Tealium

Tealium revolutionises today’s digital businesses with a universal approach to customer data orchestration – spanning web, mobile, offline, and IoT devices. With the power to unify customer data into a single source of truth, Tealium offers a turnkey integration ecosystem supporting over 1,300 client-side and server-side vendors and technologies. The Tealium Universal Data Hub enables organisations to leverage real-time data to create richer, more personalised digital experiences across every team, technology, and customer touchpoint.

7 ways CMOs can improve their customer engagement game

Customer engagement is the name of the game for modern marketing teams, and digital, data and customer-centric ways of working are key to realising this ambition. 

How brands drive customer engagement and the role personalisation plays in achieving success took centre stage during a recent ‘Meet the CMO’ session at CMO Momentum 2020. The intimate discussion was led by the real-life experiences of ABC director of audiences, Leisa Bacon, and featured Tealium’s VP and general manager for APJ, Will Griffith. 

From crafting personalised audience experiences to voice of customer panels and data insights from audience support team interactions, Bacon has built a comprehensive approach to customer engagement that’s delivering dividends for the national broadcaster.
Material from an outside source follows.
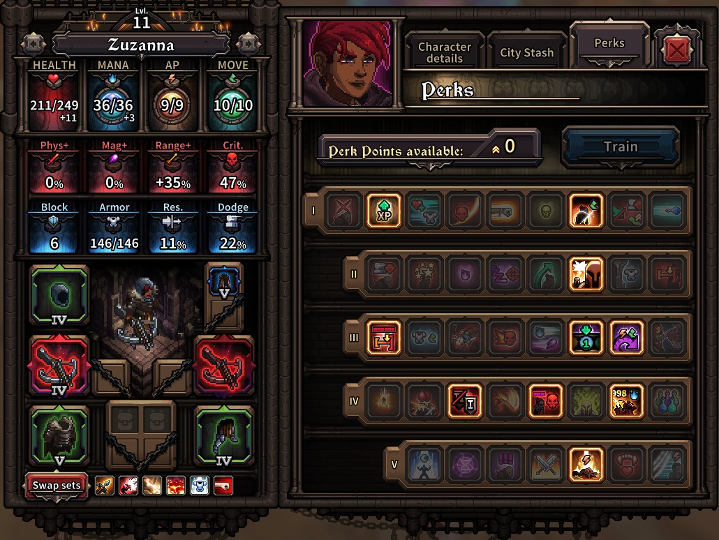 缺点:双持弩的全部技能都与任何机制无关。没有机会主义,没有孤立状态,也没有蓄力效果。这使得它显得平庸无奇,将升级和装备搭配的选择也局限在了最普通的选项上。此外,这位弓手必须投入大量移动点数,因为她的技能对位置要求极高——而大多数其他弓手只需少量投入甚至完全不用投入这一属性。更糟糕的是,她的技能还额外附带精准度惩罚,这一点其他弓手(拥有相近射程)却能通过“挑拣”来忽略。重型箭矢居然能绕过格挡——真是令人哭笑不得——但通常具备格挡能力的怪物本身也都有重甲防护,而且这种箭矢根本无法穿透护甲。这是一款极其乏力、令人困惑的武器,用它的人无一例外都会成为累赘。如果你想挑战一下,或者你就是个受虐狂,不妨试试看。不过话说回来,如果你真是个受虐狂,干脆直接选个权杖战法师好了——那把武器虽然同样糟糕,但至少还有独特的玩法和有趣的装备搭配选择。猎人本想扮演一种近战远程混合型单位,就像手枪那样,可她的几乎所有技能都得等脱离近战范围后才能使用。也就是说,你连“狂暴”或“肾上腺素激增”都享受不到!为什么啊!?

In addition, Tealium's Customer Data Platform (CDP) solution, which allows brands to connect data in order to connect better with their customers, has seen the vendor build up a wealth of best practices around what it takes to truly engage with customers. 
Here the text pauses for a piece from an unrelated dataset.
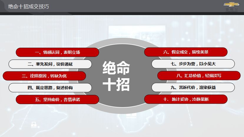 在雪佛兰感恩节团购活动超额完成业绩的背后 是我们专业的方案策划能力和落地执行能力 今天要介绍的是 我们让雪佛兰如此优秀的秘诀 源创驻店培训老师 1 1 说到现如今的网络带货大佬 “李佳琪”必须榜上有名 他的每一句“OMG”“买它!”“太漂亮了吧!” 恰恰能抓住小姐姐们的死穴 剁手就完事儿了 源创的驻店培训老师也善于抓住客户的痛点 针对每一家4s店的集客、邀约、成交状况 进行优势劣势分析 对症下药,解决最根本的问题 1 NO.1 全方位专业的介绍 1 六方位介绍 FABID方法 5S方法 产品推荐三部曲 针对不同性格特点的客户 驻店培训老师为销售人员讲解对应方法 1 NO.2 试乘试驾体验 1 试乘试驾是车辆介绍的延伸 也是让客户亲身体验产品性能的最好时机 客户通过切身体会和驾驶感受 加上销售顾问把握机会动态介绍 可加深客户对产品的认同 1 NO.3 1 培训会现场驻店培训老师 会讲解需求分析的两大目的 开发出客户的模糊需求和客户的明确需求 把客户的需求往前推动,使其达到非常强烈的需求程度 并且用大量的案例进行讲解 1 NO.4 议价成交 1 驻店培训老师分享议价成交的经验 对价格咨询培训应对技巧 1 NO.5 客户的邀约 1 除了针对活动现场的销售培训 对于后期的客户邀约跟单 驻店老师也进行了全方位的培训 客户跟单 客户级别判定 客户邀约管理 邀约话术提升 源创自有的特卖平台 为本次活动提供了经验丰富的驻店老师 当然一场活动的成功是需要多方的配合 有了经销商大力支持和驻店老师的培训 才能让前期预热和邀约顺利进行 现场销售人员才能展现出培训后专业的一面 人气爆棚的活动现场 是多方配合最好的证明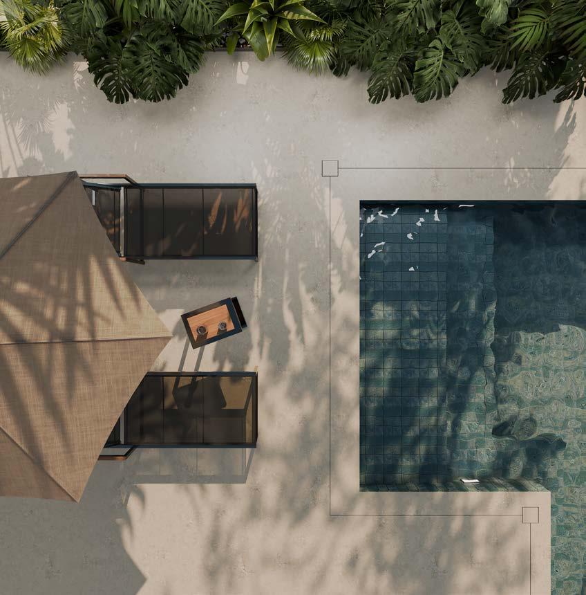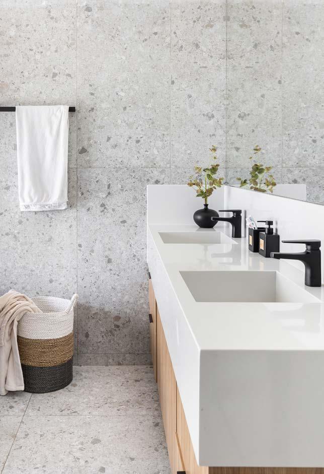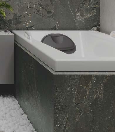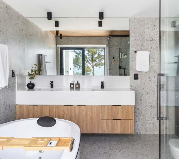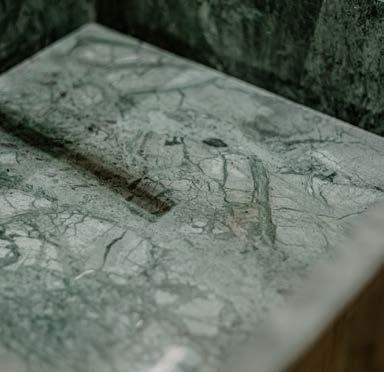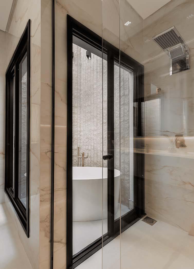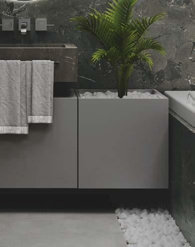 e exterior, transformando o banho em um ritual de contemplação. O pátio onde fica a banheira potencializa essa experiência, ao proporcionar iluminação zenital. Emoldurada pelo revestimento Pedra Traccia na cor Fendi, a abertura voltada para o norte garante insolação indireta, valorizando texturas e criando atmosferas que se transformam com a passagem do tempo.

Seven key learnings emerged from the discussion, valuable to marketing leaders looking to lift their engagement game. 

One: Engagement is a balance between customer expectations and brand differentiation

For Bacon, the combination of listening to and understanding your customers is critical to engagement. But having a clear perspective on what makes your brand distinctive is equally vital. After all, if everyone in a category just listened to the customer and did the exact same thing, you would have a highly productised, uninspiring category.

“I completely believe in investing to understand your customer, and to do that, you need to leverage the best data and analytics you can,” Bacon said. “I also firmly believe in talking to customers and gathering feedback, watching how they use your products and services. All of that will help optimise your offer. But you still need to understand the things that make your brand distinctive.” 
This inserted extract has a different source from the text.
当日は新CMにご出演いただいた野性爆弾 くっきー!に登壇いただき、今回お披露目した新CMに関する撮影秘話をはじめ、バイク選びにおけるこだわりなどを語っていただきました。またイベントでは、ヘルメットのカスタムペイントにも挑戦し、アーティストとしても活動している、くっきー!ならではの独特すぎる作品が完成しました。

An example can be found with ABC’s Triple J. “Our aim as a brand is not just to play music from now, but also great new Aussie music that also surprises you. It’s part of our brand offer,” Bacon said.  

“The sweet spot of meeting audience needs and connecting them with brand offers is having those two things working well together in combination. That is what will build you a strong business.” 

Two: Know when personalisation is and isn’t appropriate

Meet the CMO session participants agreed defining what personalisation is for your organisation and how it generates a value exchange between brand and customer is another must in ever-evolving customer engagement. At the ABC, personalisation is about better understanding audiences to ensure it delivers a better and useful product experience.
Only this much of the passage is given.